И, наконец, откуда взялось сжигание на костре несчастного финского добровольца Марьониеми? Обвинение подкреплялось только слухами, которые текли из «добровольческой армии» Илмаринена. Отчего-то даже Саша Степанов божился и клялся, что такой поступок характеризует именно Антикайнена, как человека. Точнее, как людоеда и кровожадного убийцу. Перспектива? Да, блин, на усмотрение суда.
Арвид обрисовал всю эту картину Тойво, но тот никак не впечатлился. Только попросил доставить ему в камеру материалы для ознакомления, чтобы «знать о себе побольше». Но настроение у него все равно было подавленным.
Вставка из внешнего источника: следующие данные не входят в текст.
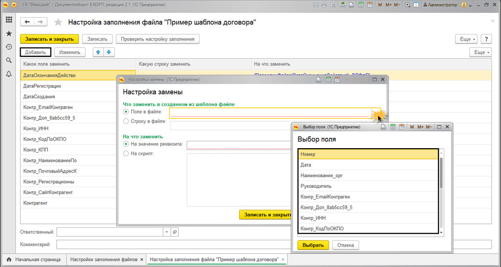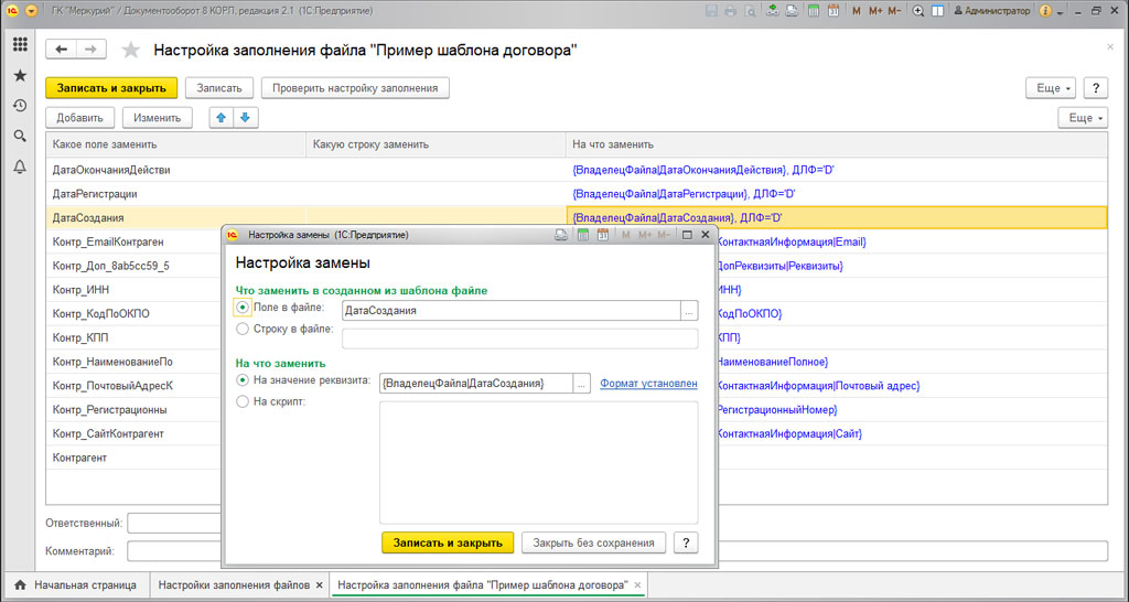 Дальше вводим нужные параметры замены. Реквизиты могут задаваться в виде выражений на встроенном языке, или к примеру в виде скрипта.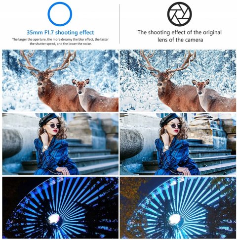 35 mm F/1., 7 stałych szklanek. Ręczna regulacja ostrości, maksymalna przysłona: F/1. 7. Ogniskowa: 35 mm;

— Как дела обстоят с вашими физическими упражнениями? — спросил адвокат, намереваясь поменять характер их сегодняшнего общения.
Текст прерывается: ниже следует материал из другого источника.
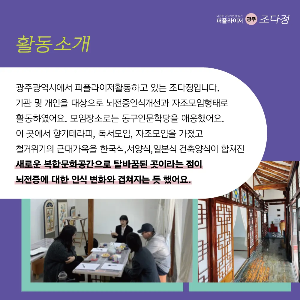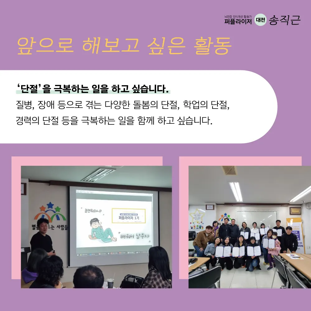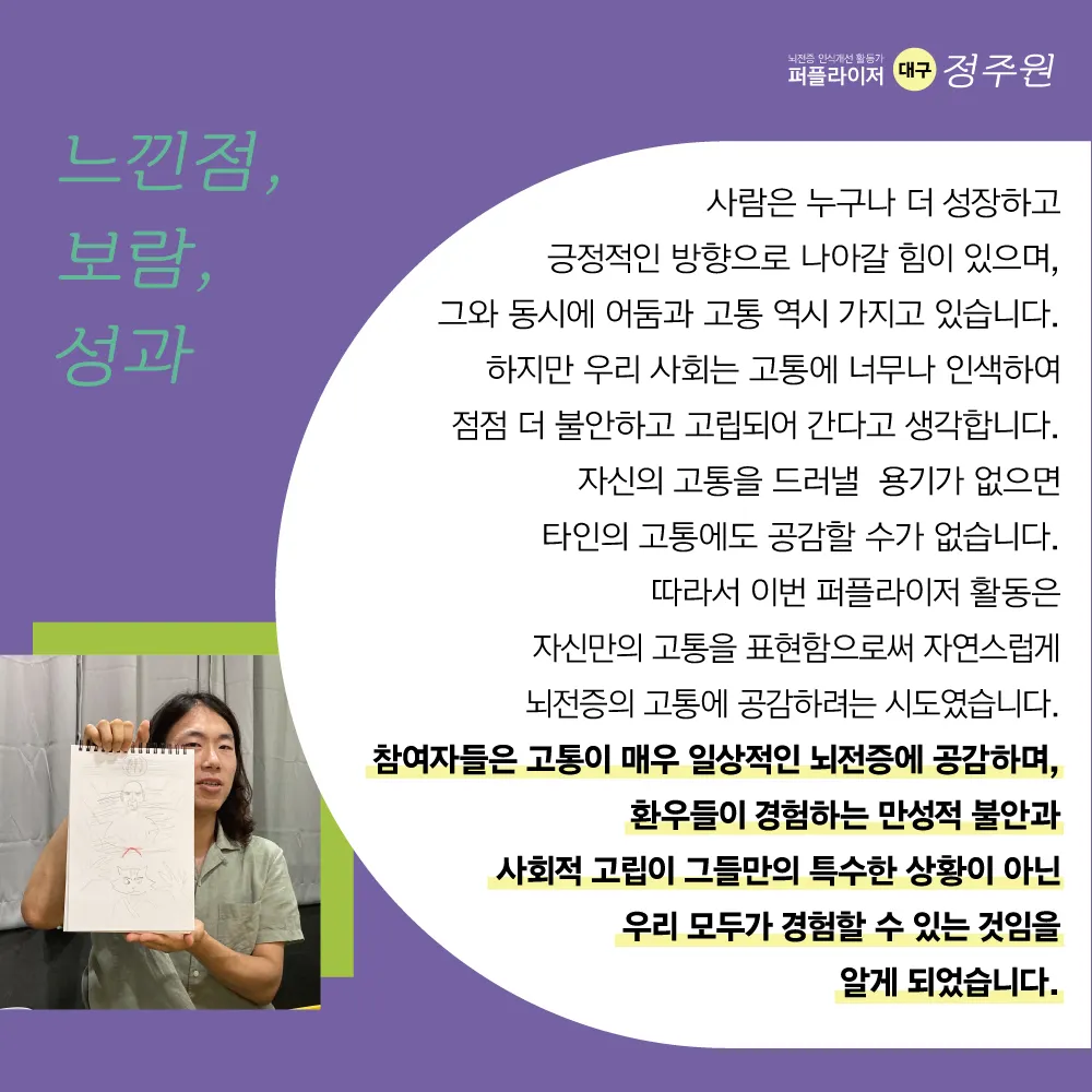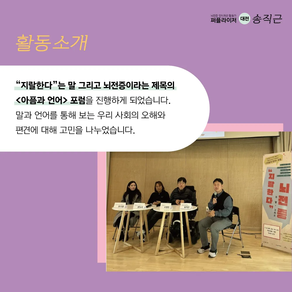 뇌전증 인식개선 활동가 '퍼플라이저'는 뇌전증에 대한 올바른 이해를 확산하고,

— Стараюсь не пропускать, а на прогулках бегаю, — пожал плечами Антикайнен.
Он действительно занимался каждый день, но уже по инерции. Понимал, что выбившись из системы, потом очень трудно будет в нее включиться снова. Однако ловил себя на мысли, что заставляет себя, хотя очень хочется махнуть на все рукой и залечь на топчан, отвернувшись лицом к стенке.
— Не понимаю, что с ним такое происходит, — адвокат по телефону рассказал своей Рут о ситуации.
— Так ты ему записку принеси от его любимой девушки, — сразу предложила та.
— Ну, так погибла она много лет назад, — ответил Арвид.
— Да, — Рут выразила сострадание одним тоном своего голоса. — Но ведь с кем-то он жил последнее время. Ну, не жил, а общался — дружил, одним словом.
Швед задумался, но ничего не придумалось. Он дышал в трубку и не мог представить, как найти эту загадочную девушку.
— Ладно, не дыши мне в ухо, я это дело разузнаю.
Не прошло и двух дней, как курьерской службой в номер Арвида принесли письмо, в котором было еще одно письмо. Внутренний конверт весьма маленького размера, вероятно, содержал весьма маленькую записку. И никаких подписей снаружи.
Ну, да ладно, может быть, это послание не будет столь нежелательным, нежели то, что не далее, как вчера, Арвид решив, что сейчас самый подходящий момент, вручил Антикайнену.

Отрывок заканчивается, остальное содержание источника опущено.